# Hello Penny



## Podgy's Mum (Nov 21, 2010)

Hi all, it's been ages since I was here last. Well it seems we have an addition to our family. 4 days ago a pigeon came calling - don't know how or why but she flew in under our porch one day, noticed Podgy & decided to stay! She (we have no doubt it's a she - u shd see her behaviour when Podgy starts prancing & tail dragging for my foot). Even followed him inside the house. We have caught her a couple of times and tho she isn't keen on it, she isn't frantic or stressed either. There is no leg band to ID her & she seems healthy.
Yesterday we discovered that she has mites so I sprayed both her & Podgy with a mite spray. I have checked inside her mouth and its nice and pink. Not sure exactly what I was looking for but remember reading something on here about white stuff in the mouth??? Also we have caged them both for 24 hours (separately) & treating for worms. Any thing else I should do? She is definitely comfortable here- we have been leaving her outside to come & go as she pleases but 'go' doesn't seem to be her plan. She follows Podgy everywhere, has 'forced' him to bill with her when he prances & postures - SO funny coz he seems to have NO idea what she is doing!! I wonder how much rejection one lady pigeon can take??
Anyway, a long winded message, just wondering what you all think about this and if u think Podgy may ever realise he is a bird not a human! Lol


----------



## Miss-Sassypants (Sep 25, 2010)

Aww that is so cute! She's in love! And fallen for the right bird too! Compared to the ferals, Podgy is a millionaire (with the love of humans!). Good luck to the lucky hen!

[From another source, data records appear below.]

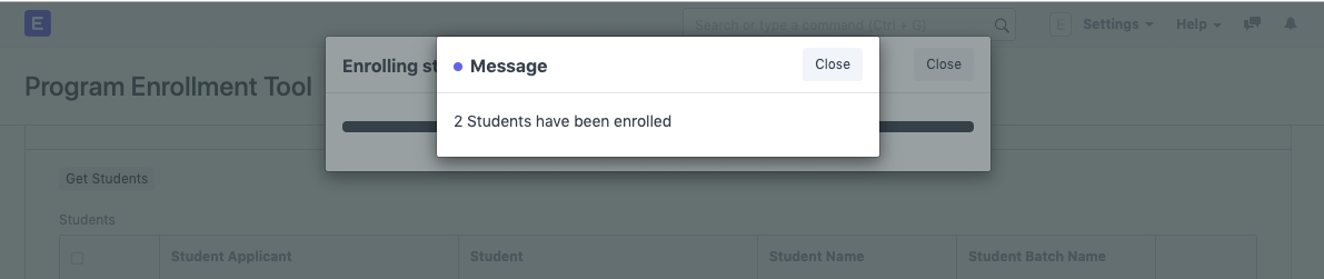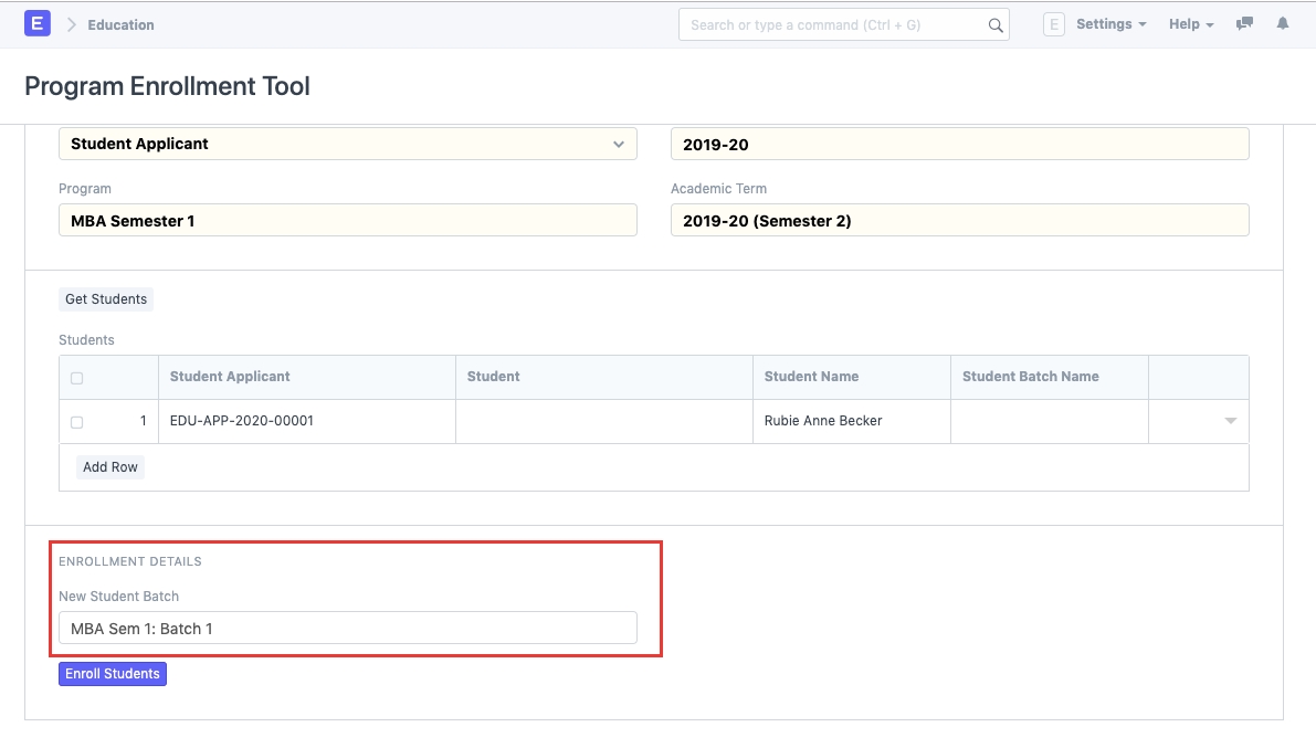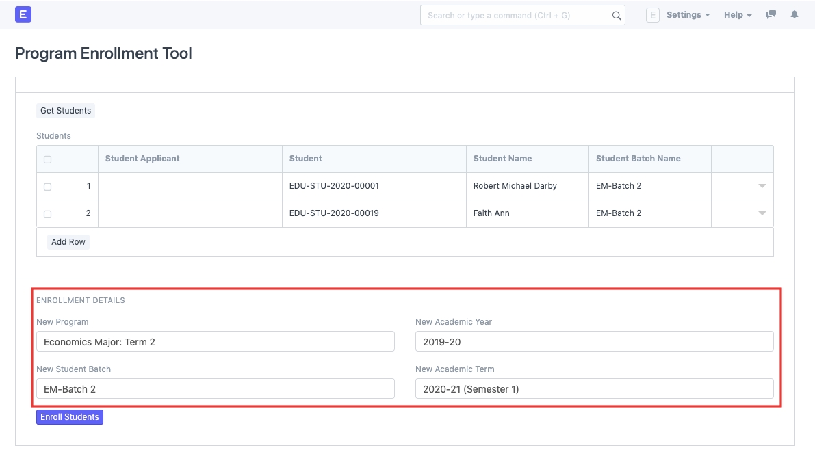 - Khi tất cả các chi tiết đã được nhập, hãy nhấp vào Đăng ký học sinh để tạo Đăng ký chương trình hàng loạt.  - Công cụ tuyển sinh sinh viên
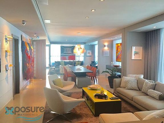 One of a kind, this luxurious apartment is exquisitely decorated with elegant finishes is a true gem. Arrive in your private foyer and walk into this amazing apartment with ocean views and a modern glass balcony. This exclusive building with doorman has one apartment per floor which can be accessed through the main elevator or the secondary service elevator right off the kitchen area. It enjoys three spacious bedrooms, two full bathrooms and one powder room all finished with exquisite details, modern furniture and glass showers. The master bath enjoys a waterfall tub. The state of the art kitchen includes separate freezer and refrigerator, both which include drawers, and state of the art appliances. This is a smart home. Also included is a storage area. Located in the exclusive building ,Venetian in the heart of Condado, this a building which affords the security, privacy, and is walking distance to restaurants, hotels, schools and exclusive shops..
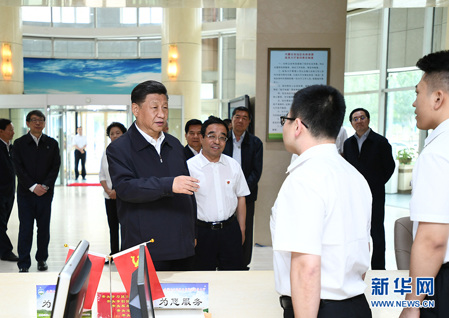 7月15日至16日,中共中央總書(shū)記、國(guó)家主席、中央軍委主席習(xí)近平在內(nèi)蒙古考察并指導(dǎo)開(kāi)展“不忘初心、牢記使命”主題教育。這是16日上午,習(xí)近平在內(nèi)蒙古自治區(qū)自然資源廳自然資源政務(wù)大廳同工作人員交談,了解開(kāi)展主題教育和落實(shí)便捷高效政務(wù)服務(wù)等情況。 新華社記者 謝環(huán)馳 攝
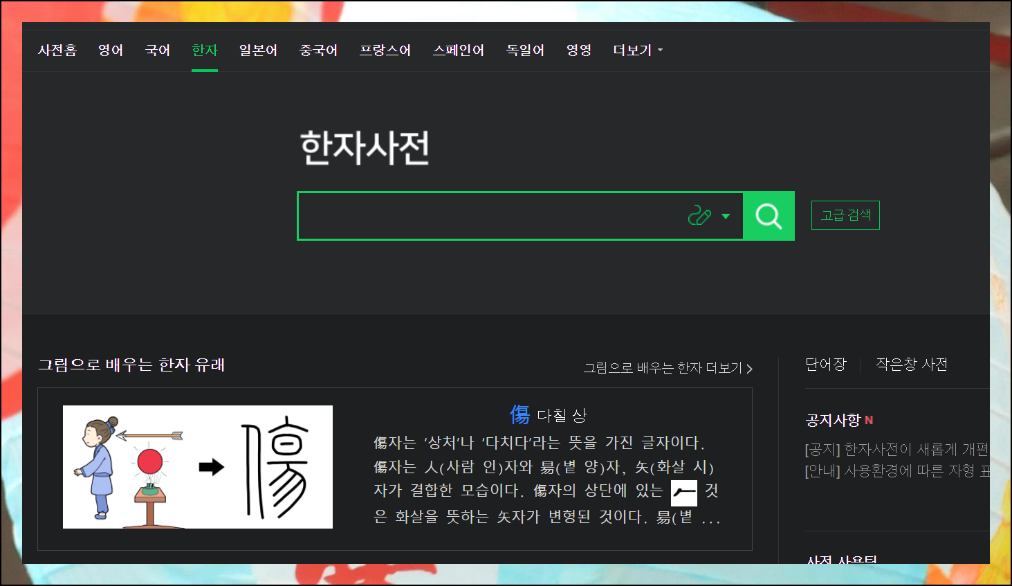 네이버 사전 메인화면을 보면 한문 학습을 할 수 있는 서비스가 제공되고 있어요. 한문을 배우려는 분들에게 매우 유용한 자료들이 풍부합니다. 여기서도 검색창에 있는 "필기 아이콘"을 눌러 인식기를 켜주세요.
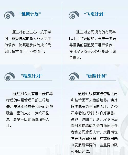 公司战略人才培养体系由“雏鹰计划”、“飞鹰计划”、“精鹰计划”和“雄鹰计划”四个部分组成。由这四个部分共同构成公司战略人才库。
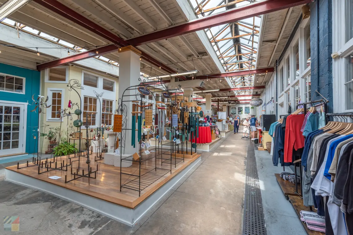 Protected from the elements and boasting a huge retail space, visitors will find a collection of shops with wares that pour out into the interiors main corridor, (although theres still plenty of elbow room for dozens of shoppers to meander at once.)

Looking forward to pictures of the two cuties!


----------



## nancybird (Jan 30, 2011)

That is so sweet.


----------



## DeeDee's Mom (Dec 17, 2011)

A match made in Pidgie Heaven, no doubt! Fated to be. She just has to teach Podgy what to do!


----------



## nancybird (Jan 30, 2011)

Podgy will learn what to do in time.


----------



## Podgy's Mum (Nov 21, 2010)

Just an update for those interested in the Podgy & Penny Perfect Match Game Show - NOT! LOL 

Penny is so funny & very persistent! She still tries it on when Podgy does his little 'mating dance' to anything pink - seriously, he is pink mad! She hops & wing drags, crouches down & waits patiently for him to notice - but to no avail. He just isn't interested in her.  

In the meantime, she has completely made herself at home, preferring inside the house to outside. She has learned which cage is hers - but still likes to go inside Podgy's when he isn't looking & her favourite perch is on top of the bookcases - preferably Podgys bookcase, but will go to the other one & settle if he chases her away, which he often does. 

Yesterday he was in the bird bath & she jumped in next to him - after him looking at her strangely for a little while he decided that her splashing was the perfect opportunity to lay back with his wing raised & let her 'shower' him. After that she came around the front & cuddled under his crop - & he let her! Amazing. 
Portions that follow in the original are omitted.